Maybe my belief that I have no talent stems from the fact that I am surrounded by so many truly talented people. My father was (and still is) a damn good, dedicated doctor. My mother is an amazingly gifted woman in so many ways. My grandfather was a wonderful woodworker. My grandmother was a superb seamstress. My other grandmother was a beautiful pianist/organist. My grandfather was a wonderful orator and pastor.


And it doesn’t stop there. My brother is a computer genius and has so many other amazing talents. And topping the list is my amazing wife who’s talent never ceases to amaze me. From being an amazing teacher and counselor to an unbelievable mother, she floors me with her talent each and every day. And I won’t even begin to discuss the uber-talented journalists I work with and have worked with.


All this talent surrounds me and I wake up in the morning, look at myself in the mirror and say, “I can’t even grow a beard.” I certainly can’t sit here and blame anyone for how I see myself. Yes, some people have been less than loving and uplifting with their critiques of me, but at the end of the day, how I see myself is all about me and not about them.


Now, I know what is going to happen as some of you read this — you are going to quickly tell me that I’m wrong. I know the words will be meant to uplift and encourage, but never tell a person who has taken the time to take a long, hard look at themselves that they are wrong. For you see, how a person sees him or herself is a truly personal thing. And it will only further exasperate a person if you tell them their opinion is wrong. Sure you can offer love, encouragement and support, but do so in a loving manner and not a condescending one.


Another thing that some of you may ponder is — why share this? What good does it do to be critical of yourself and make it public? For me the answer is two-fold – first, I am sure I am not the only one who will read these words who thinks he isn’t talented or who lacks self-confidence. I’m not the only who has been told he has missed his calling and thought, “I don’t even know what my calling is.” So, my hope would be that if that is you that you can see you are not alone.

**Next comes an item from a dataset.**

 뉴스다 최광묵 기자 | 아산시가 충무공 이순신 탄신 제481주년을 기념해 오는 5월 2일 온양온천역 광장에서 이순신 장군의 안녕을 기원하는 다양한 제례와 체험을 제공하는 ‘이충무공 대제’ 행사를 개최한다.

There are plenty of us who think we have little to offer and who long to find a way to make an impact on the world around them. 


Second, these feelings have been boiling up inside me for years and they needed to come out. They were poison in my soul and the damage they have done has been severe. The negative light I see myself in is not healthy and I had to give voice to it. For you see, in order to improve you first have to admit you have a problem. If I am going to find some hidden talent I didn’t know I had or if I am going to find self-confidence, I need to admit it’s an area I need to address. So you are witness to me now — I am a person who needs to change to make the best use of the years I have left.


At the end of the day, we all have those things in life that we don’t like about ourselves that we want to conquer. Those things can be overwhelming, depressing and even toxic. But I’m here to tell you that nothing will ever change if you don’t take the time to seriously examine your life and make a decision to change. If I am going to be the person God intends me to be, I need to deal with this part of my life.


If you have made it this far, thank you for reading. I appreciate you taking the time to hear me out. And for those of you who are struggling with similar issues, I am here for you. Together we can change. Together we can offer each other the confidence we might not be able to find in ourselves. And maybe together we can find a powerful way to leave a lasting mark on the world.


One Reply to “Oh ye of little – I mean no – faith”

  1. This is a wonderful bit of soul-searching, and yes, I can relate as well. I still think I’m a failure as a writer, even having published several books, and I’m still certain that God is disappointed in me for messing up the pastoral path.
    All I can say is, keep being you, and I’ll keep being me, and I’m sure that family, friends, and the Good Lord Himself will continue to guide us.